Pivotal moment?
When we look back, will we find the contrast in this weekend's Live 8 coverage between AOL and MTV to be a pivotal moment in the shift from TV to Web? Pivotal as in everything changes from here -- probably not. Pivotal in that it has many more people talking about the potential of the Web -- and the stark differences with TV and other existing media-- likely.
The AP's David Bauder observed: "Television seemed shockingly old-fashioned during Saturday's worldwide concert for poverty relief. AOL's coverage was so superior, it may one day serve as a historical marker in drawing people to computers instead of TV screens for big events."
Knight Ridder's Beth Gillen said: "If Live Aid helped launch MTV as a media powerhouse two decades ago, Live 8 not only dethroned the music channel Saturday, but it also made it seem quaintly old-fashioned. The Internet left cable in the dust. To put it bluntly, MTV sank and AOL soared."
From Jon Fort, the Mercury News' senor Web editor: "The peak of my frustrating TV experience was during Pink Floyd's performance. It was during 'Comfortably Numb,' I believe, that an MTV VJ cut in and starting rambling about how amazing it was that Pink Floyd was there playing. Yes, I thought. And It's only slightly less amazing that you're cutting away from this amazing performance to yap about it, and then show a Taco Bell commercial. ... At that moment I felt like a lost soul swimming in a fish bowl. I wished I were home, watching the Floyd on AOL instead."
Media Post's "Just an Online Minute" (sub. req.) is a little more down to earth: "Still, to put Saturday's numbers in perspective, consider that in 1985, an estimated 95 percent of TV households worldwide tuned in to the first Live Aid concerts. While AOL's weekend numbers are impressive, they don't compare to the reach TV can deliver. ... The streams also were nowhere near the quality of television--at least on the Minute's computer. Regardless, there's a lot to be said for being able to stream live and without interruption. ... Time will tell whether Live 8 will define the Web's place in the media world. But for now, it's as close to a pivotal moment the online world has seen."
Full disclosure: I did not see AOL's coverage -- I don't have broadband at home. And I saw only snippets of MTV. So what I'm going to say is based largely on what others have written:
-- MTV made the same mistake being made by a lot of big media (too many reporters and editors included): The failure to SHUT UP! Let the event happen. Interrupt/comment only when necessary, or, as one former news director of mine once said: Get the hell out of the way and let the news happen. (Want some recent news examples? Think Jacko and runaway bride.)

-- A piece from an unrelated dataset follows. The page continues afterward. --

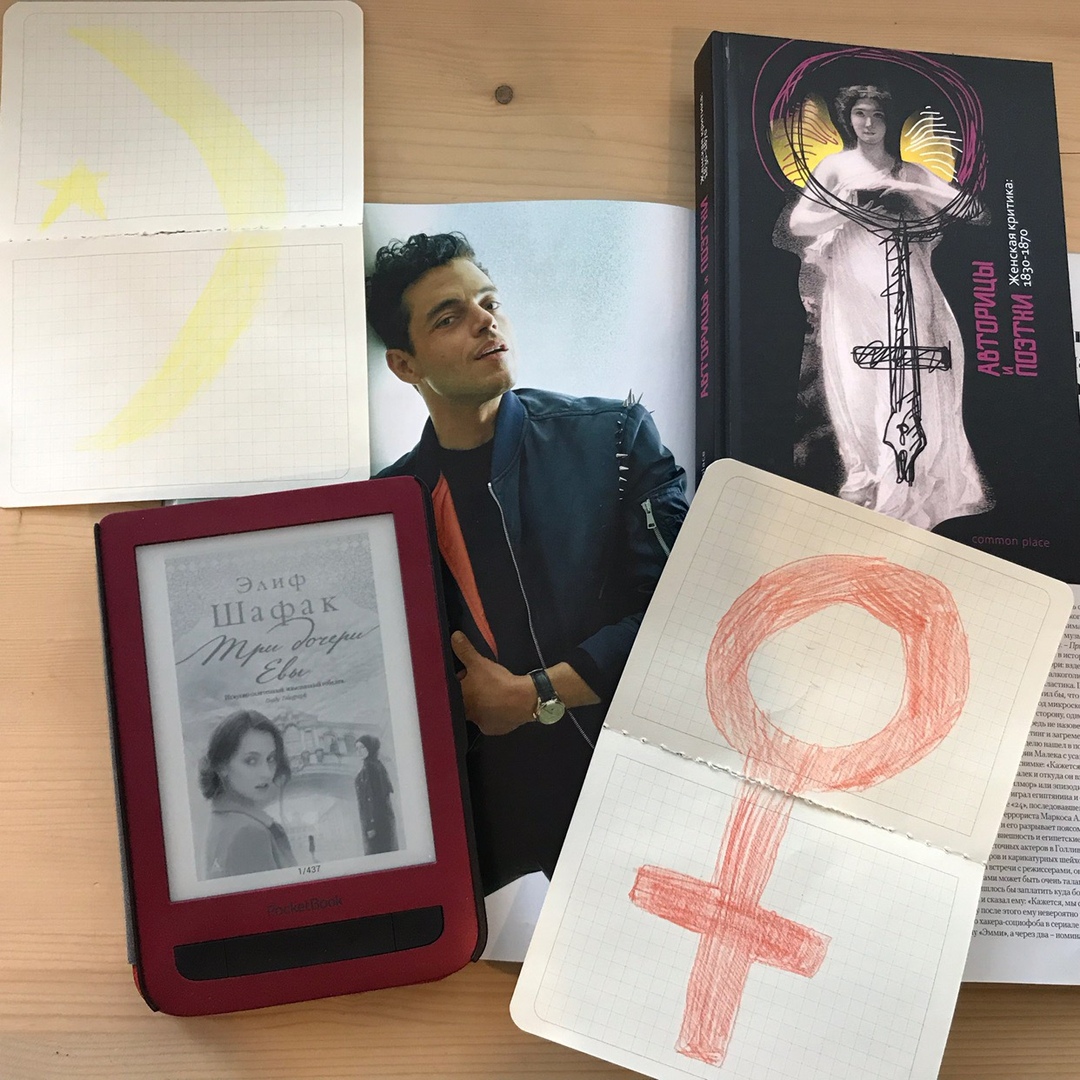 поскольку книга посвящена исламу и феминизму, а у меня нет ничего, связанного с ними, пришлось выкручиваться: за феминизм у меня отвечает книга с феминитивами в названии, за ислам - Рами Малек (артист египетского происхождения), а если это не прокатывает, то я попыталась нарисовать соответствующие символы: Зеркало Венеры для феминизма и Полумесяц для ислама.

But this was an entertainment event; how might it apply to news? In our always-on world, there will be more live coverage of more news events, and they won't require big, expensive, professional rigs to pull off. If I can get it on the Web, live and uncut, or on TV, interrupted by the chattering classes, where am I more likely to go? I remember, as a young man, being rivited by the May 1974 siege of the Symbionese Liberation Army house in Los Angeles. That was another of those pivotal moments -- one of the first live shots nationwide of that kind of breaking news event. And one of the things I remember to this day was that the anchors said relatively little, letting the gunshots and tear gas and fire speak for itself. It was riveting, even though a single camera several hundred feet away isn't the best TV in the world.
-- MTV failed to see that its competition was really AOL. The morning after, MTV wasn't being compared to what was on the other channels. It was being compared to the Internet coverage. The news buisness already has had to deal with this and may be starting to understand it. Expect to see more of it.
-- Media Post is right -- 5 million people is barely a thimbleful in the ocean of media audiences. But as Fort notes, "Five million people can create a lot of buzz."
Gillen wrote this: "Some packaged highlights of the concerts into specials for later viewing. But only the Internet made you feel as if you were there." In an era when we're being told that people want to "experience" the news, that's something worth considering.